Return the lines of the data below starting at the one holding "Enamel American USA" and ending at the one holding "2、在設(shè)置界面,點", word for word, leaving every picture out.

Given entries
* * *
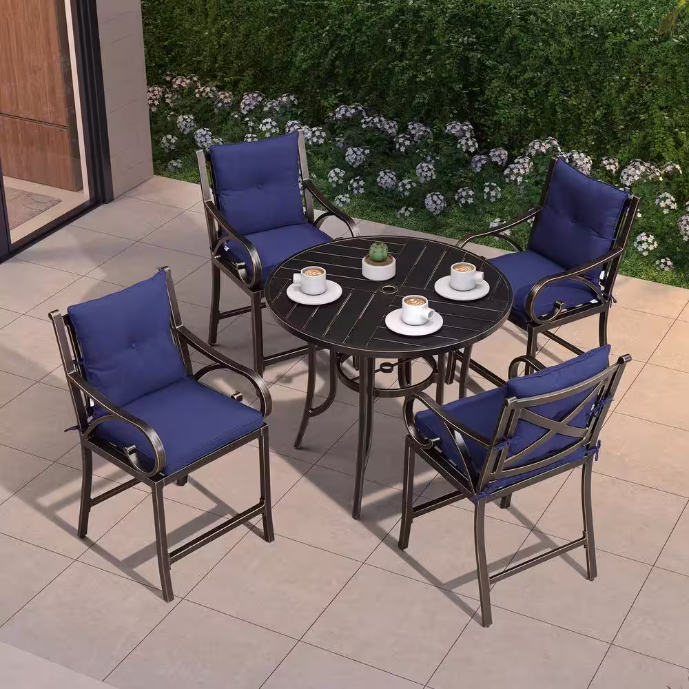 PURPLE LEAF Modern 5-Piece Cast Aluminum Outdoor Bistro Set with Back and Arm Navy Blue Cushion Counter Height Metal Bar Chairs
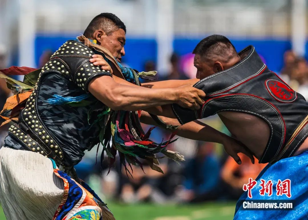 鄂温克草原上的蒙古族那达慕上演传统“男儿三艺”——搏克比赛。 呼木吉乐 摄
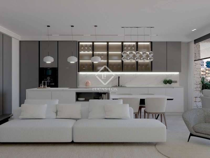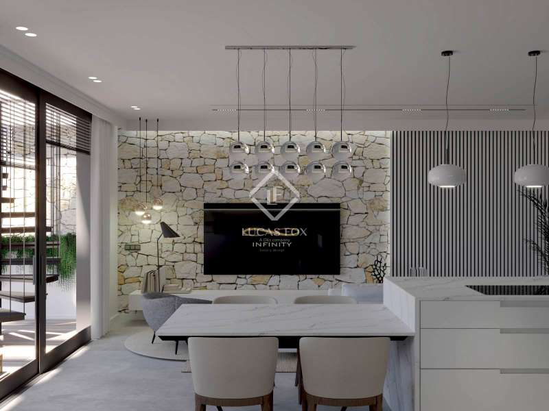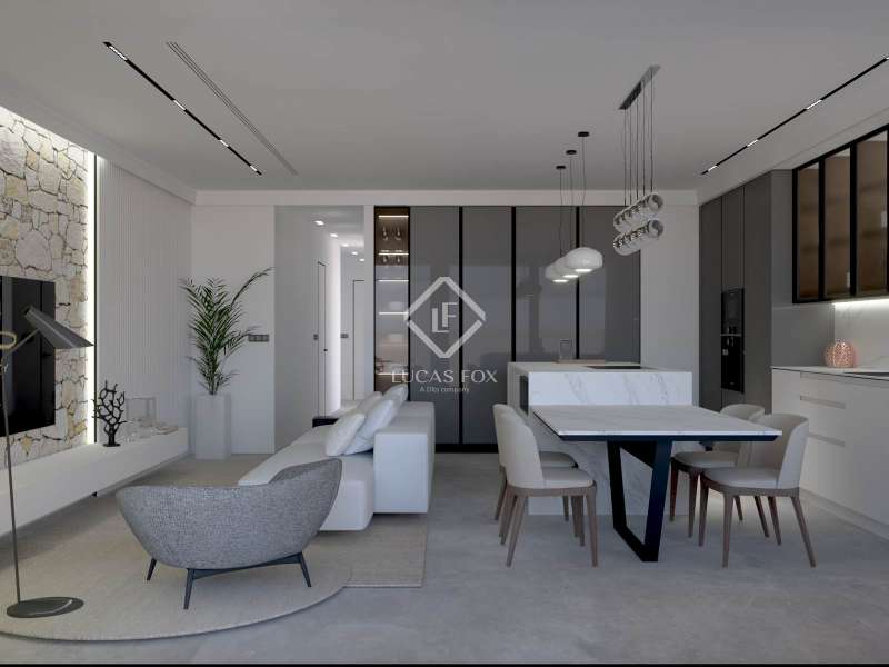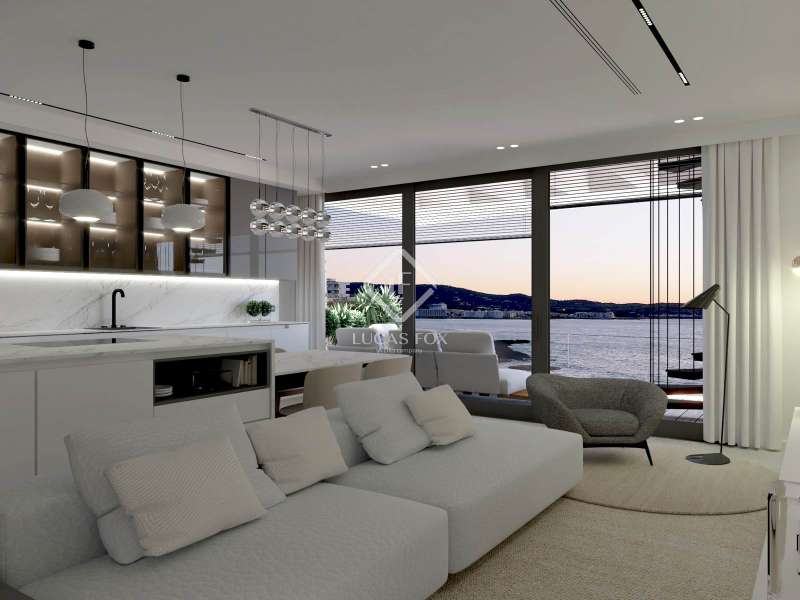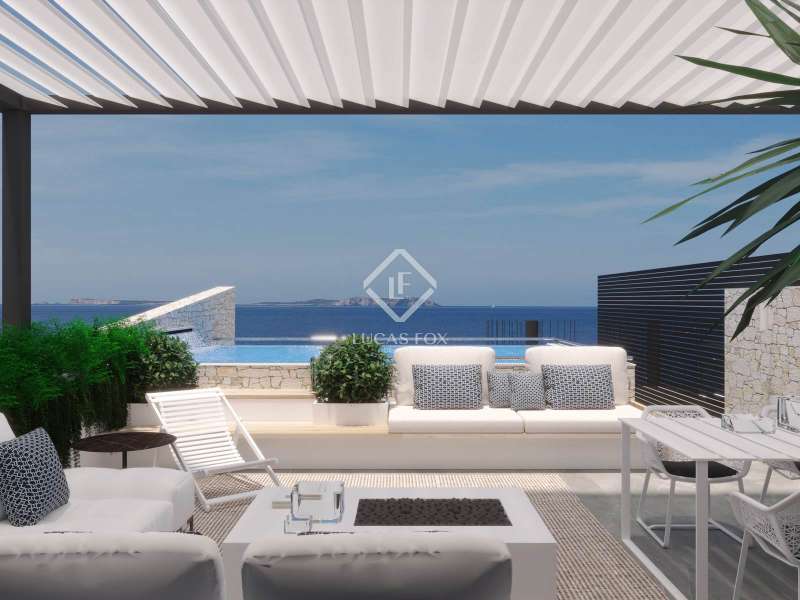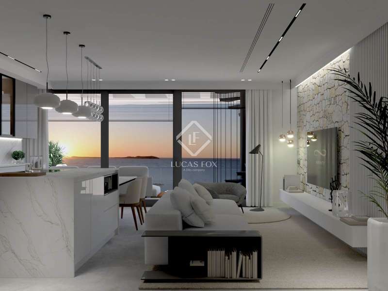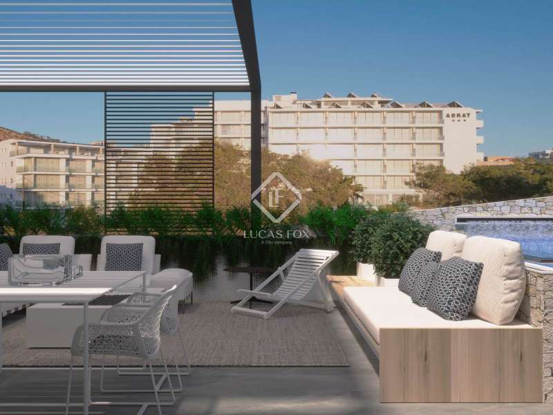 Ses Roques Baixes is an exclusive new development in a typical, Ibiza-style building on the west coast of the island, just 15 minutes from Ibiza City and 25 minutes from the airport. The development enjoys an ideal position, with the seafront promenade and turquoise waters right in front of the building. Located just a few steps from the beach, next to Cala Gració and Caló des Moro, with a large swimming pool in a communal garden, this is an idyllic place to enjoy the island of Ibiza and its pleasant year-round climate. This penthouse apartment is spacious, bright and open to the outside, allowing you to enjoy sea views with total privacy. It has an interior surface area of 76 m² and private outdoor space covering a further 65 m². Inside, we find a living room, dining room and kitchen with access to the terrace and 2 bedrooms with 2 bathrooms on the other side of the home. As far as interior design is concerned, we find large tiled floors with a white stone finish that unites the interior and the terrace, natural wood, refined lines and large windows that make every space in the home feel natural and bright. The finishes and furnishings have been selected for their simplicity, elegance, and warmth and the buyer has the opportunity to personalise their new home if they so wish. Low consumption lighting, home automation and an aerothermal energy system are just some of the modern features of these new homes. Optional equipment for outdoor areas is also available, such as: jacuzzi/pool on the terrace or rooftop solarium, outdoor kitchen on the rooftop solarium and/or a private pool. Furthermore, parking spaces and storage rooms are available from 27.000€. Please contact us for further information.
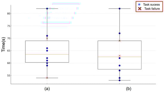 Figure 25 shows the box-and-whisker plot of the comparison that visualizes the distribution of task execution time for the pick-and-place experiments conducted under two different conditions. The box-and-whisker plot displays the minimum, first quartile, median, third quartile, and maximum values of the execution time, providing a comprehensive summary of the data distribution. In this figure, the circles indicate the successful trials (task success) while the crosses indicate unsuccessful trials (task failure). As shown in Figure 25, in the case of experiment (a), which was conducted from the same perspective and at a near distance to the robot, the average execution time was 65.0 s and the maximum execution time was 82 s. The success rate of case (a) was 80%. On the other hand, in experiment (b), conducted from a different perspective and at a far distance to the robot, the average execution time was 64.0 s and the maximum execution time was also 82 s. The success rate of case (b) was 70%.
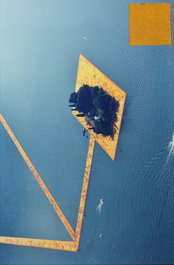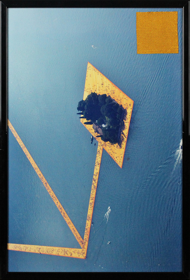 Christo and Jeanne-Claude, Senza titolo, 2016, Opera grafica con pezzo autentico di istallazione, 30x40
* * *
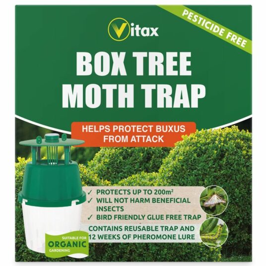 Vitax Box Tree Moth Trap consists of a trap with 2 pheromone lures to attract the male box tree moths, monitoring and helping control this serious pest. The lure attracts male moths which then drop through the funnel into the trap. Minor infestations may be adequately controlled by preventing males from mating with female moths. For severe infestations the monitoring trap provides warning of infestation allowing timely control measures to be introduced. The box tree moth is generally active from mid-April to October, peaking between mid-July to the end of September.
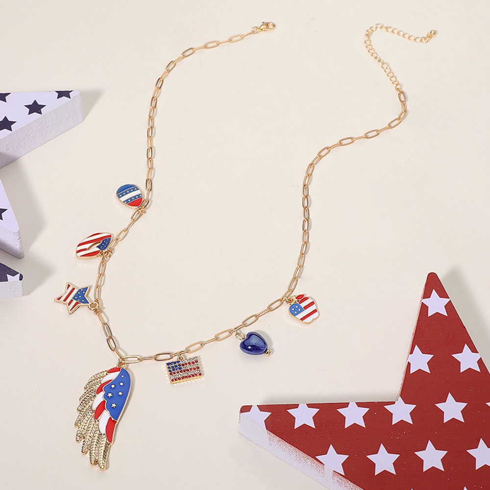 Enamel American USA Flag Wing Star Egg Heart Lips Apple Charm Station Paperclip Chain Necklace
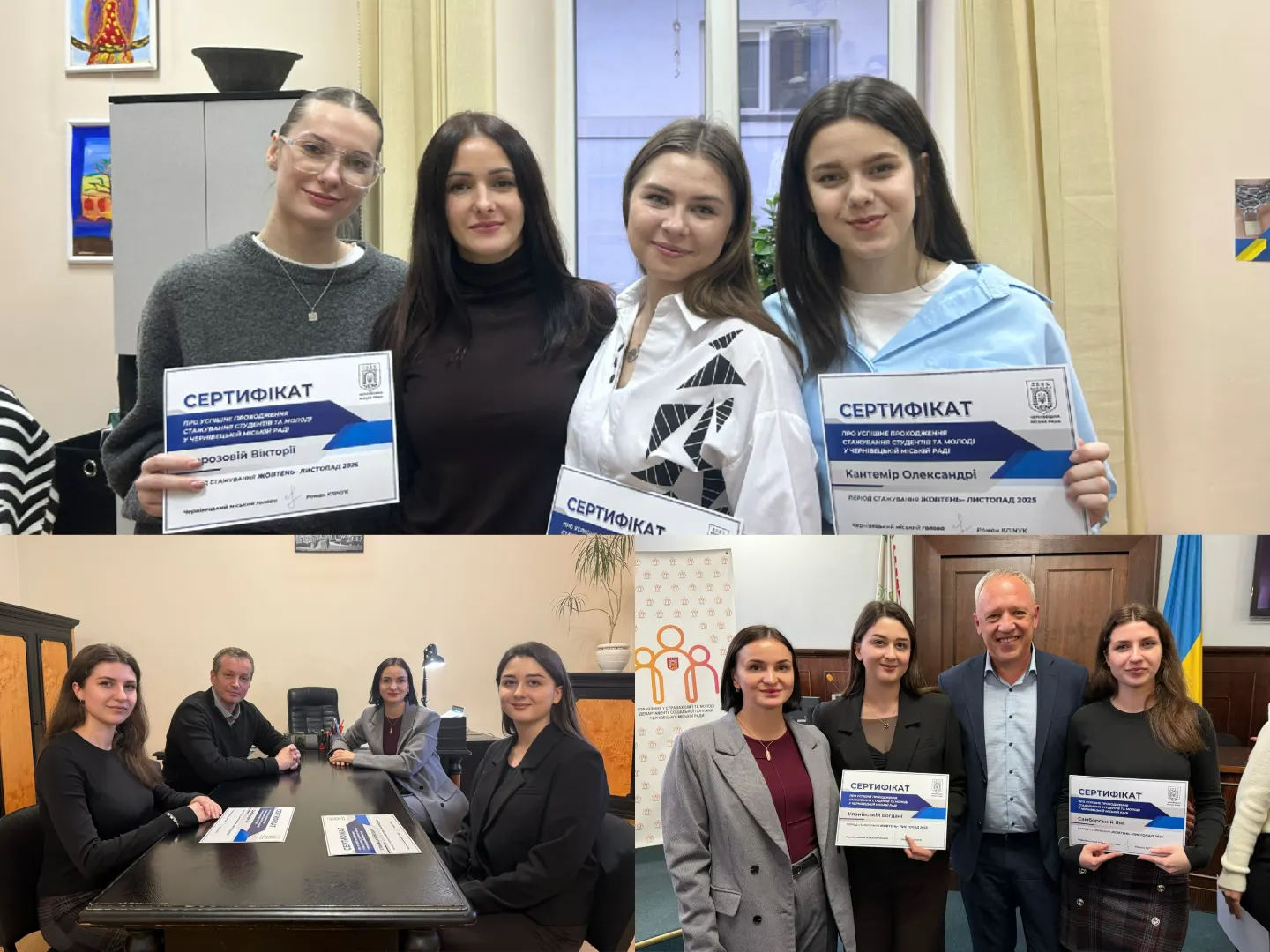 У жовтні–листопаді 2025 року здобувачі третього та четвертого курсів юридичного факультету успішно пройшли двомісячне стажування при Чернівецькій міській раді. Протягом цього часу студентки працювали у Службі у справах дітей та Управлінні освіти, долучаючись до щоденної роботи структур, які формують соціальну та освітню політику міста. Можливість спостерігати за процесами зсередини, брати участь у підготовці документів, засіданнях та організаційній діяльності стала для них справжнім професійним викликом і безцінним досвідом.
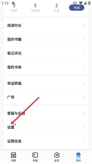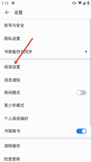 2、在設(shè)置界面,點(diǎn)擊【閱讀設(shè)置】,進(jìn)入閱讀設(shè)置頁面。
* * *
Reply
 Enamel American USA Flag Wing Star Egg Heart Lips Apple Charm Station Paperclip Chain Necklace
 У жовтні–листопаді 2025 року здобувачі третього та четвертого курсів юридичного факультету успішно пройшли двомісячне стажування при Чернівецькій міській раді. Протягом цього часу студентки працювали у Службі у справах дітей та Управлінні освіти, долучаючись до щоденної роботи структур, які формують соціальну та освітню політику міста. Можливість спостерігати за процесами зсередини, брати участь у підготовці документів, засіданнях та організаційній діяльності стала для них справжнім професійним викликом і безцінним досвідом.
 2、在設(shè)置界面,點(diǎn)擊【閱讀設(shè)置】,進(jìn)入閱讀設(shè)置頁面。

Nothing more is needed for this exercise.